The end result obviously proves a success, with All This Talking Gets Us Nowhere being a fierce collection of tracks that elevates The Buoys - and the talent captured within - at their multi-faceted best, encapsulating the energy that goes into every one of their powerful tracks. Take the explosive Wah! for example, a rush of mania that wraps up in under two minutes, but not without breaking down Zoe’s frustration with systemic processes in the world, with capitalism being a core example. It’s an opportunity for her to vent and let things go, releasing built-up frustration in a way that also amplifies her message, and by coming from a woman in a space where they’re so often under-represented, brings a point of view often left for the curbside.

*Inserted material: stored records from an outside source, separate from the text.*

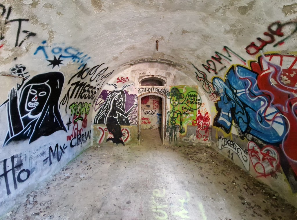 Vue de l'abri voûté de la batterie d'artillerie de 32 cm (état en 2024). Les murs sont régulièrement taguésImmatriculation
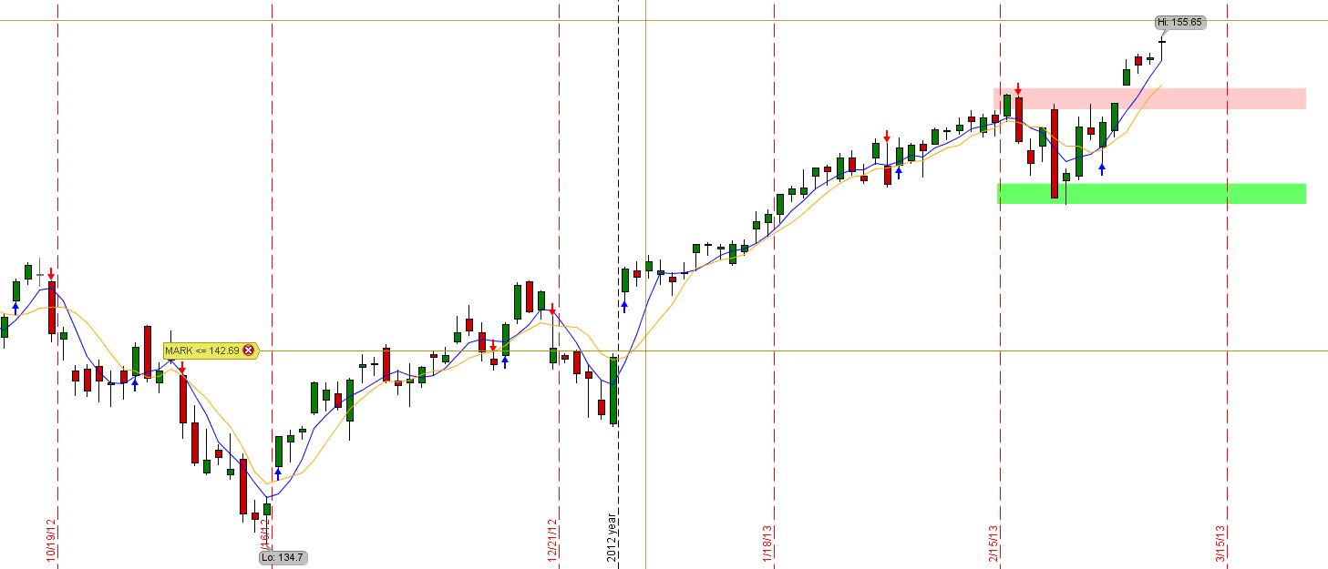 Chart Read: The doji from Friday could be a sign that we are going to see a pull back. Doji candles are a sign of indecision. I am watching Monday for a possible move below the low of this doji which will give us confirmation that we are going to see the pull back. The high from Friday will act as resistance. If we break this top then who knows where we will find resistance. No buyers we are coming down. This is the higher odds. Monday I want to see price at resistance and get a strong pattern signaling down. If price is sitting on the pivot or S1 then I will be careful to go long. Happy Trading…
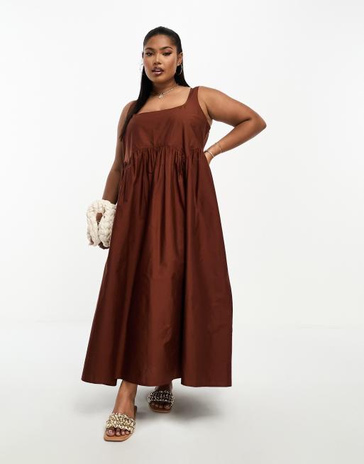 ASOS DESIGN Curve square neck midi smock sundress in chocolate
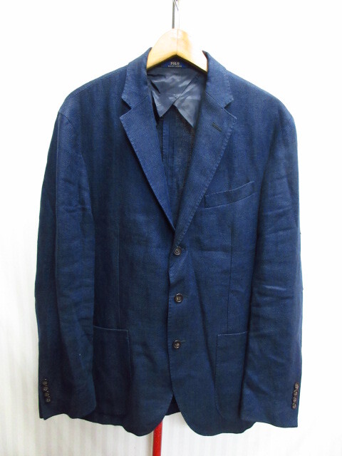 - ラルフローレン リネンジャケット メンズL 40 紺ブレザー 麻100%使用テーラードジャケット サマージャケット 春夏スーツジャケット10012
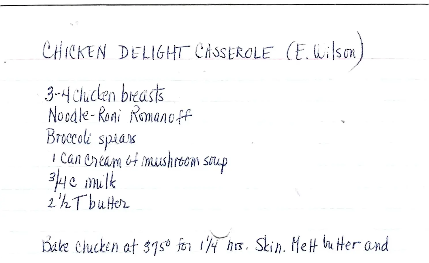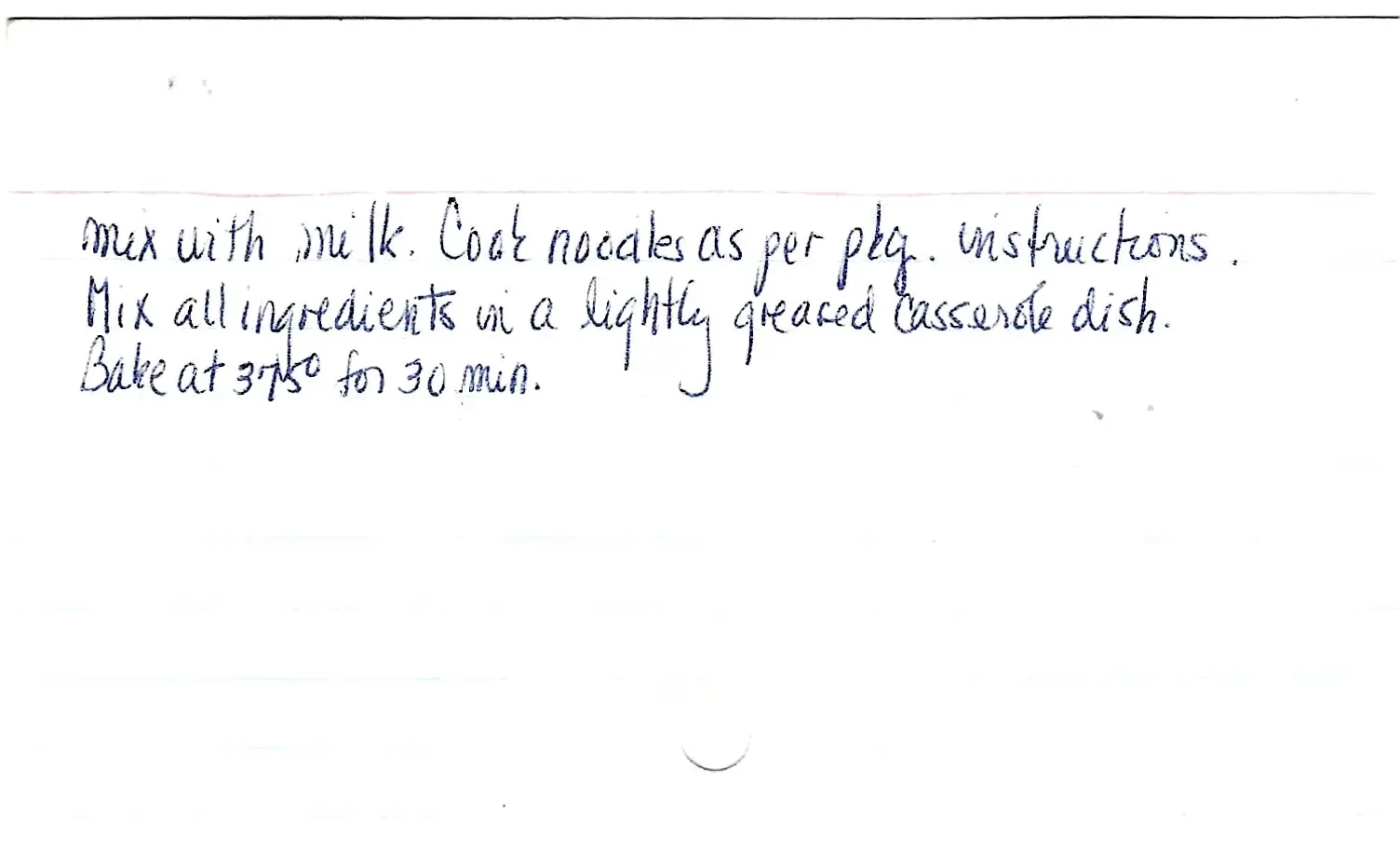 - Melt butter. (The original note is slightly cut off, but typically the melted butter would be used for the casserole, perhaps to sauté something or mix with breadcrumbs if used, though breadcrumbs are not listed).
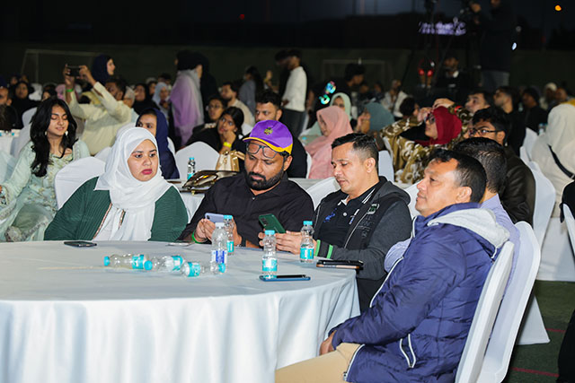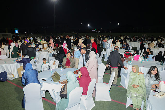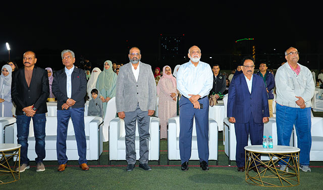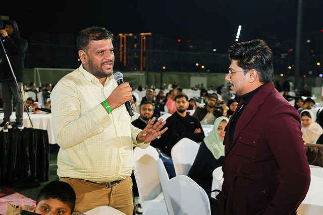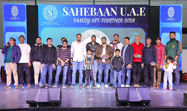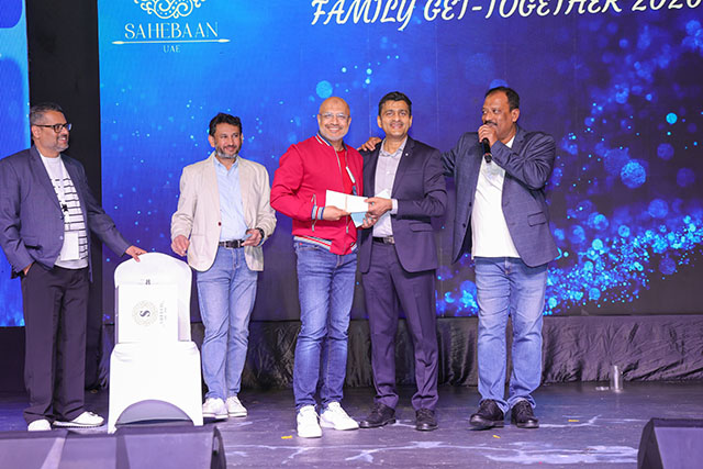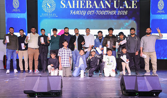 A short documentary showcasing the journey, values and achievements of Sahebaan UAE was screened on a large LED display. Videos highlighting the contributions of Hidayathullah Abbas, K S Nissar Ahmed and H M Afroz Assadi were also presented. Distribution of gifts and raffle draw prizes added to the festive spirit.

Linda is another example, being a raging two-minutes-forty that speaks about shitty workplaces and under-par bosses, while the aforementioned Inside Outside brings lyrics that any female, female-identifying, trans or non-binary musician could relate to: “There’s always gonna be someone, telling you what you know / I’m just trying to say that I don’t want your fucking opinion about anything!”

the buoys in article 1

In a way, Zoe’s drive to find women amongst the Cronulla live music space and use The Buoys as an opportunity for amplifying these women, their work and their presence in the scene is synonymous with what The Buoys are all about, and in turn, have helped a previously male-dominated region for punk music - and other genres - become more inclusive and well-rounded. “Whenever I was looking for a new guitarist or drummer for a project people would be like ‘oh this guy plays’ and ‘oh this guy is good’ and it’s like no! Too easy! There are amazing women out there everywhere, they’re just hiding in the woodworks and you’ve got to find them, especially in somewhere like the Shire,” she explains.

However, things are slowing changing, both in general - as pressure for gender diversity and inclusivity in the music industry increases, so too has seemingly the presence of women and non-binary musicians in the spotlight - and for Zoe specifically, who contrasts a place like The Shire, where she was once one of two female musicians regularly playing shows, and Sydney’s inner-west, where she now lives. “[In the earlier days], I felt like I was a bit of a laughing stock,” she says. “Now, it’s not as hard to find amazing, talented women. It feels so good to be in a position where I once wished one of my friends would ask me to play in a band with them, to now be out there and doing it.”

This drive to elevate and spotlight women - not just in music, but across a range of roles adjacent to the band - is something that’s core to The Buoys, and a record like All This Talking Gets Us Nowhere proves that complaints of it “being too difficult” to hire women or that they “were all booked out” is a farce. For this EP campaign, for example, not only do The Buoys and sit front and centre of the record, but it’s aided by women in a variety of roles: recording engineers, photographers, publicists, video directors, managers and so on.

“I hope that when I ask other women to join us, that they’re stoked to work with other women who are trying to do the same thing, which is lift each other up.” 

The Buoys' new EP All This Talking Gets Us Nowhere is out now via Spunk Records.